L’exploitation accueille même la marsilée à quatre feuilles, une plante aquatique de la famille des fougères classée comme vulnérable en Europe par l’UICN. « Lorsque j’ai visité cette ferme avec le cédant, j’ai compris qu’il s’agissait de l’une des dernières stations de France. C’était pour moi un signe fort pour l’installation », se souvient Maxime Lerat. Les associés ne se préoccupent cependant pas uniquement des espèces rares ou classées en danger. « Même si ces milieux ne sont pas exceptionnels, notre élevage contribue à maintenir des espèces ordinaires sur le déclin », résume Dorian Angot. Principale menace dans la vallée de la Loire : « Tout autour, les maraîchers avancent, et les prairies disparaissent », regrette Maxime Lerat, soulignant l’atout de l’élevage de ruminant pour maintenir l’herbe sur ces coteaux.

Frédéric Signoret revendique de son côté près d’un tiers de la population nationale de barge à queue noire sur son exploitation. Lointain cousin des goélands et des pingouins, l’oiseau migrateur vient se reproduire dans ses prairies inondées au printemps, avant de repartir hiverner sur le continent Africain.
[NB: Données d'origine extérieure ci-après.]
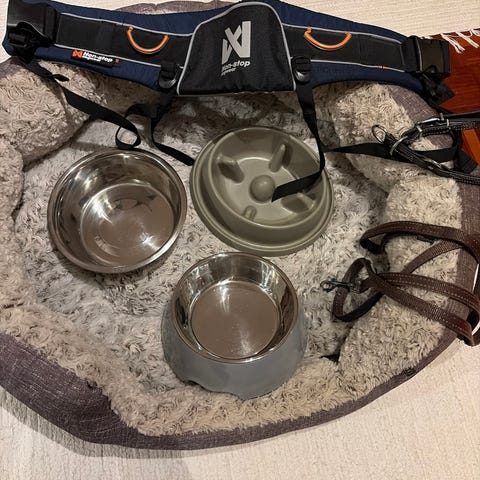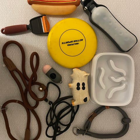 Paket med hundtillbehör. Innehåller flera matskålar och vattenskålar i plast, olika leksaker som bollar och tuggleksaker med rep, bajspåsehållare, samt hundtäcke eller filt med benmönster och en grå mjuk pläd. Flera koppel i olika längder, flexikoppel, halsband och selar i olika storlekar. Två runda hundbäddar i grått tyg med vadderad insida. Passar för hundägare som behöver ett grundpaket med utrustning till en eller flera hundar, både för inomhusbruk och promenader utomhus.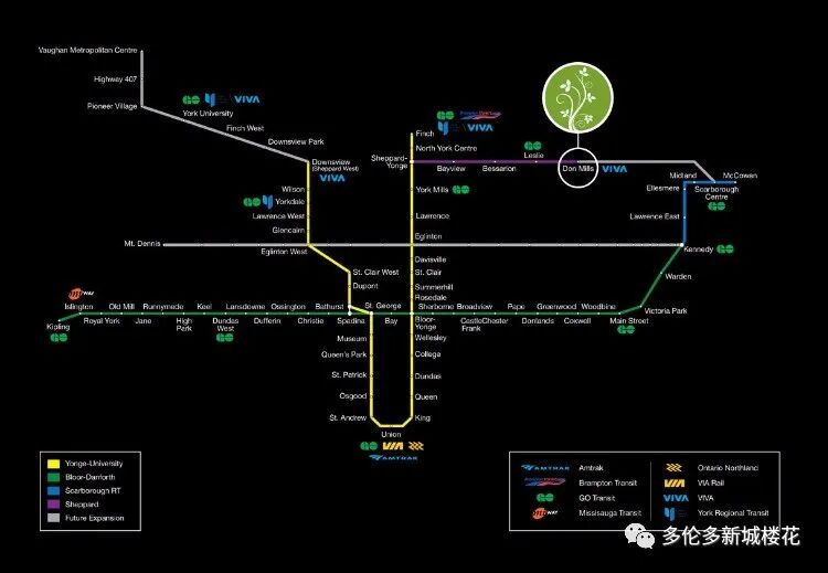 2分钟到DVP,直通404和401高速; 4分钟步行至地铁站和长途汽车总站; 大型购物中心Fairview Mall只有一街之隔; 乘巴士仅7分钟可到Seneca学院; 驱车十多分钟直达多伦多市中心和多伦多大学圣乔治分校; 近多伦多大学士嘉堡分校、约克大学; 成熟社区:体育馆,运动场,舞蹈室,日托服务和空中花园等服务; 近北约克综合医院和Ikea; 周边有多个公园和自然绿化带,包括Sunnybrook Park,Edward Garden等著名公园;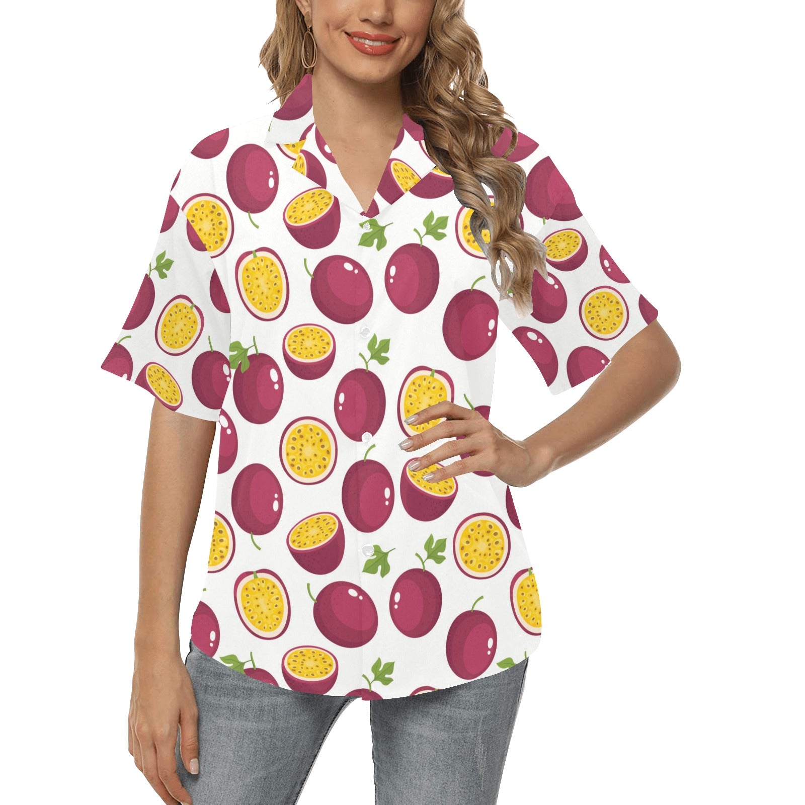 Passion fruit design pattern Women's All Over Print Hawaiian Shirt

Cette restauration de population « inégalée en Europe » selon lui, fait également la critique en creux du monde de la conservation. « Ni les parcs ni d’autres acteurs n’ont réussi à reproduire ce type de résultat. » L’argument de biodiversité, comme ses résultats économiques, regrettent-ils ne convainquent d’ailleurs pas non plus la partie la plus conservatrice du monde agricole. « Les blocages sociaux ou culturels, sur le matériel comme sur l’injonction à produire en quantité, restent les plus forts. »

Faire évoluer de pair les politiques agricoles et environnementales

L’objectif de créer ces réserves naturelles d’un nouveau genre provient de la déception générale de nombreux anciens salariés d’associations face aux politiques agricoles et environnementales en général. Du côté des politiques agricoles, certaines injonctions écologiques peuvent être contradictoires, souligne Dorian Angot, de la Ferme des Genettes. « Si tout le monde choisit comme nous une MAEC fauche tardive, toutes les prairies des bords de Loire sont coupées en même temps, ce qui peut s’avérer pire pour la biodiversité », illustre-t-il. Mais il n’est pas plus tendre avec les politiques de protection de la nature, en dénonçant « cinquante années d’échecs » en France. Pour préserver à la fois les espèces, et assurer le maintien de pratiques favorables, la charte de Paysans de Nature propose alors aux signataires d’étudier les opportunités de dispositifs plus méconnus tels que l’acquisition conservatoire, le bail rural environnemental, ou les Obligations Réelles Environnementales pour « garantir la protection de la ferme sur le long terme ».